Brief Recommendations: Offer competitive salaries above $350,000 for top roles in high-paying regions like Mexico, especially for on-site positions, to attract talent. Focus on Senior and Executive-level professionals in the US, where average salaries are highest. Enhance data collection with variables like industry sector and cost of living index to improve model accuracy. Explore advanced models like Random Forest to better handle outliers and non-linear relationships.
I. Background
Tech companies face fierce competition for talent, making salary insights critical for attracting and retaining skilled professionals. This analysis leverages a global salary dataset to uncover trends in job roles, experience levels, and remote work, helping an international HR consultancy stay competitive. With remote work surging and tech roles diversifying, understanding these drivers is more vital than ever.
II. Objectives
This report aims to provide actionable insights into tech salary trends by addressing the following goals:
- Examining the impact of country, experience level, and remote ratio on salaries for Data Analysts, Data Scientists, and Machine Learning Engineers. Identifying conditions for the highest compensation.
- Constructing a predictive model for salary estimation using experience level, company location, and remote ratio, determining the strongest predictors.
- Improving the salary prediction model with company size and employment type. Performance evaluation and proposals for future enhancements.
III. Data Description
The dataset, sourced from a survey hosted by an HR consultancy, is stored in salaries.csv
. Each row represents an employee’s salary record for a given year.

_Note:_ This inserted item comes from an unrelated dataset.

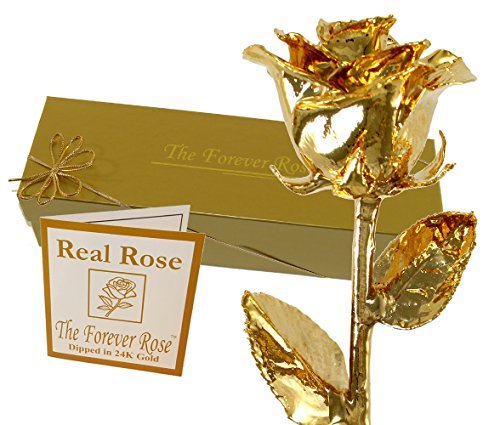 24Kt Yellow Gold Trimming.Real Semi-opened preserved roses coated in clear Lacquer.The care that is lavished on creation of these popular gifts shows clearly.The natural beauty of real semi-opened roses is preserved with a coating of clear lacquer, and enhanced with 24kt gold.Stems are approximately 12 long.These special gifts are given the representation they deserve - elegantly wrapped in gold tissue and placed in a gold two-piece gift box.Gold 24kt Yellow Gold Approx Wgt 51.2 grammes Finish Satin Colour Gold Height 30cm long Availability In Stock Shipping Usually in 24 to 72 hours Notes Colour and Height may have slight variations" Free Standard Shipping!.100% Satisfaction Guaranteed!.30-Day Return Policy.Sku# TL61-9140

The columns are as follows:
Column Name | Description | Expected Data Type |
---|---|---|
work_year | Year of work | int |
experience_level | Level of experience (e.g., EN, MI, SE, EX) | str |
employment_type | Type of employment (e.g., FT, PT, CT, FL) | str |
job_title | Job title of the employee | str |
salary | Salary amount in original currency | int |
salary_currency | Currency of the salary | str |
salary_in_usd | Salary amount converted to USD | int |
employee_residence | Country code of employee residence | str |
remote_ratio | Remote work ratio (0, 50, 100) | int |
company_location | Country code of company location | str |
company_size | Size of the company (S, M, L) | str |
Let's load the data to begin our analysis.
import pandas as pd
import matplotlib.pyplot as plt
import seaborn as sns
import numpy as np
from sklearn.linear_model import LinearRegression
from sklearn.model_selection import train_test_split
from sklearn.metrics import r2_score, mean_squared_error
salaries_df = pd.read_csv('salaries.csv')
salaries_df.head()
salaries_df.info()
IV. Data Preparation
Data Quality Check and Data Cleaning
Data preparation ensures reliable analysis by addressing potential issues. Each check builds a foundation for trustworthy insights.
- Checking Column Headers
Headers guide our analysis. Missing or misnamed columns, like salary_in_usd
, could derail salary comparisons.
salaries_df.columns.tolist()
- Checking for Missing Values
Missing data, such as blank salaries, skews results. Checking ensures completeness for accurate averages.
salaries_df.isnull().sum()
- Checking Data Types
Incorrect types, like text for salary_in_usd
, prevent calculations. Verification ensures compatibility.